Figure 4 shows the frequency responses of an AFM cantilever (NCLR Nanosensors, Al backside coated and Pt tip-side coated) excited by piezo excitation (blue line) and optical excitation (red line). The response by piezo excitation shows spurious resonance modes over the entire 5 kHz frequency range around the cantilever’s fundamental resonance frequency. These additional frequency-dependent amplitude and phase responses are not present when the cantilever is optically driven. The optical force does not excite the various mechanical resonances of the microscope body, thus giving us cleaner signals in the frequency shift and dissipation channels. Through removing the artifacts, we can better study the tip-sample interaction physics.

Fig. 4
figure4

Amplitude and phase frequency responses of the AFM cantilever excited by optical excitation (red) and piezo excitation (blue) measured at 4.5 K. Note the spurious mechanical resonances in the piezo excitation which arise from vibrations in the microscope body

Quantifying optical excitation force

In order to determine the magnitude of the optical force quantitatively, we use the following relation between the oscillation amplitude and the amplitude of the excitation optical force when the cantilever is excited by harmonic excitation force, F(t)=Fopt sin(2πf0t), at the resonance frequency, f0:

$$ A = \frac{Q}{k} F_{\text{opt}}. $$
(4)

Here A is the amplitude of the oscillation, Q the quality factor, k the spring constant of the cantilever and Fopt the amplitude of the oscillating optical force, We used the Sader method to calibrate the effective spring constant of the fundamental flexural mode of cantilevers [15] and obtained a spring constant k=19 N/m for the cantilever used.

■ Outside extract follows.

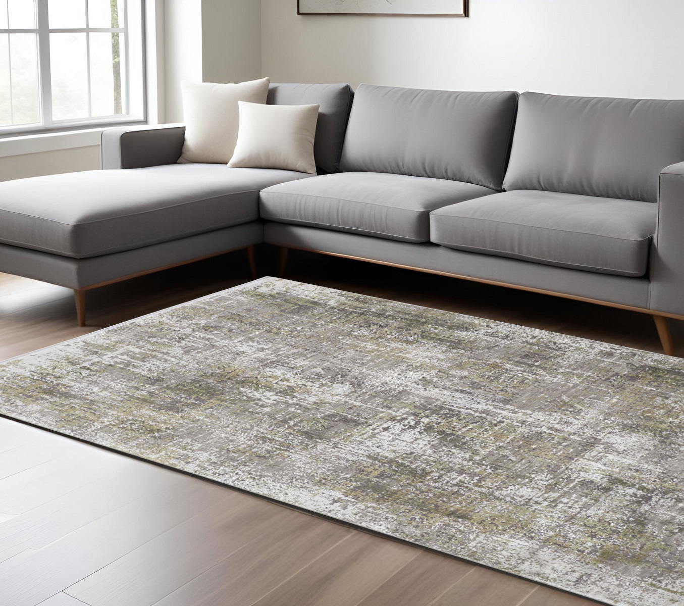 This 7-foot x 10-foot gray and ivory abstract non skid area rug with fringe, is a great way to add warmth to a room. This rectangle shaped rug features a abstract design in gray and ivory to give it visual interest. A classic shape marries with good looking design for your space tassel ends bring a timeless and fashionable look to your interior. 78-inch H x 114-inch W x 0.32-inch D
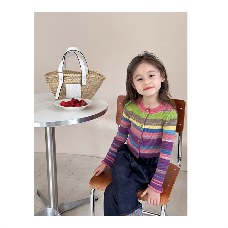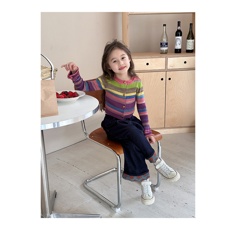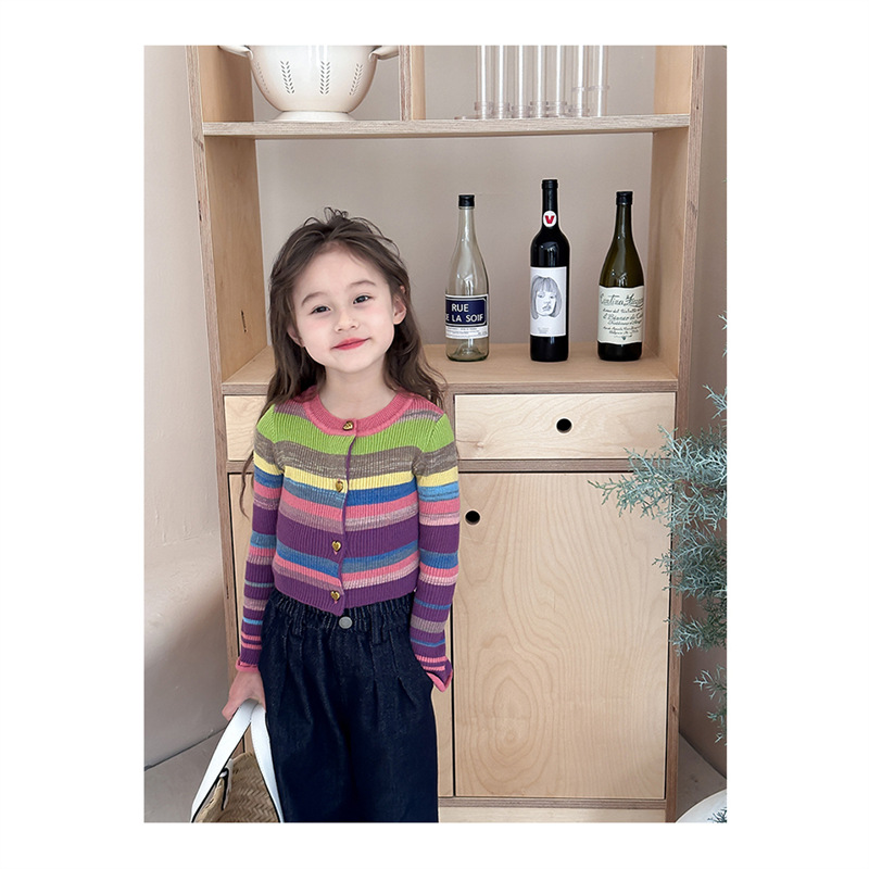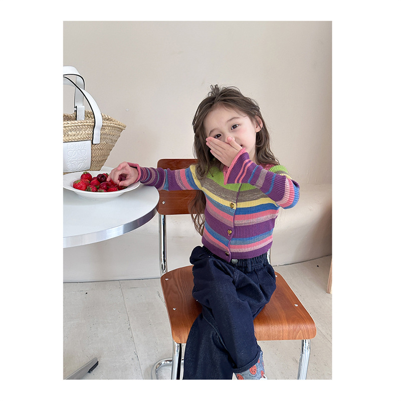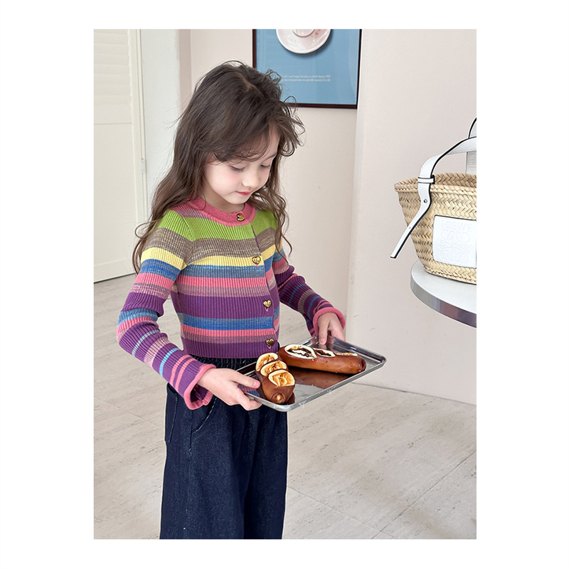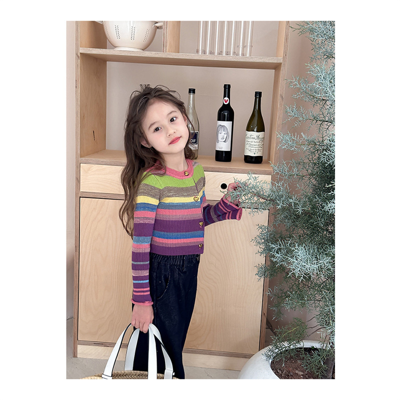 Dopamine Wear Spring and Autumn Girls Korean Style Horn Sleeve Slim fit Knitted T shirt Children s Striped Sweater Baby Coat

In our interferometer setup, the fiber-cantilever distance can be adjusted by a piezo-electric stick-slip motor with the step size as small as 20 nm. The step size is confirmed to be very uniform over several fringes. As we change the fiber-cantilever distance by stepping the fiber position, we record the signal at the photodiode VPD. The resulting interference fringes show nearly periodic peaks and the peak separation, known to be λ/2 from Eq. 3. This well-defined separation allows us to calibrate the horizontal axis that determine the sensitivity of the interferometer.

The interferometer sensitivity S is calculated as the derivative of the measured interferometer output voltage VPD with respect to the fiber fiber-cantilever distance z [16]: Since the distance between successive peaks is known, we can convert the walker steps Δz into a distance by identifying successive peak positions and counting the steps between them. Now we can simply take the derivative of the photodiode signal versus the fiber-cantilever distance, then divide by the walker step Δz to obtain the sensitivity S. An example of such measurement is shown in Fig. 6.

Fig. 5
figure5

Interference fringes of detection (1550 nm) (cyan) and excitation (1310 nm) (orange) lasers as a function of fiber-cantilever separation measured at 77 K in vacuum of 10−5 mbar

Fig. 6
figure6

Top shows the photodiode signal as a function of the number of fiber walker steps as it is retracted from the cantilever. Peaks are indicated via circles, which are then used to determine the number of steps between adjacent fringes. Bottom shows sensitivity S which is calculated by taking the derivative of the photodiode signal and dividing by the average step size between fringes

With the known sensitivity in units of V/nm, it is straightforward to determine the oscillation amplitude of the cantilever. We measure the ac component of the photodiode signal VPD, and convert its amplitude in Volt to the amplitude in nm by dividing VPD by the sensitivity S. The typical sensitivity during the experiments is 30 mV/nm. This sensitivity can also be used to calculate the detection noise of the interferometer. By taking a power spectral density of VPD around the cantilever resonance, we can convert the measured interferometer noise in \(\mathrm {V}/\sqrt {\text {Hz}}\) into the detection noise in \(\text {fm}/ \mathrm {\sqrt {Hz}}\). A typical detection noise at 77 K is \(\approx 50~ \text {fm} / \sqrt {\text {Hz}}\) and at 4 K is \( \approx 15 ~\text {fm} / \sqrt {\text {Hz}}\). The best detection noise we have observed at 4 K is \(7~\text {fm}/\mathrm {\sqrt {Hz}}\).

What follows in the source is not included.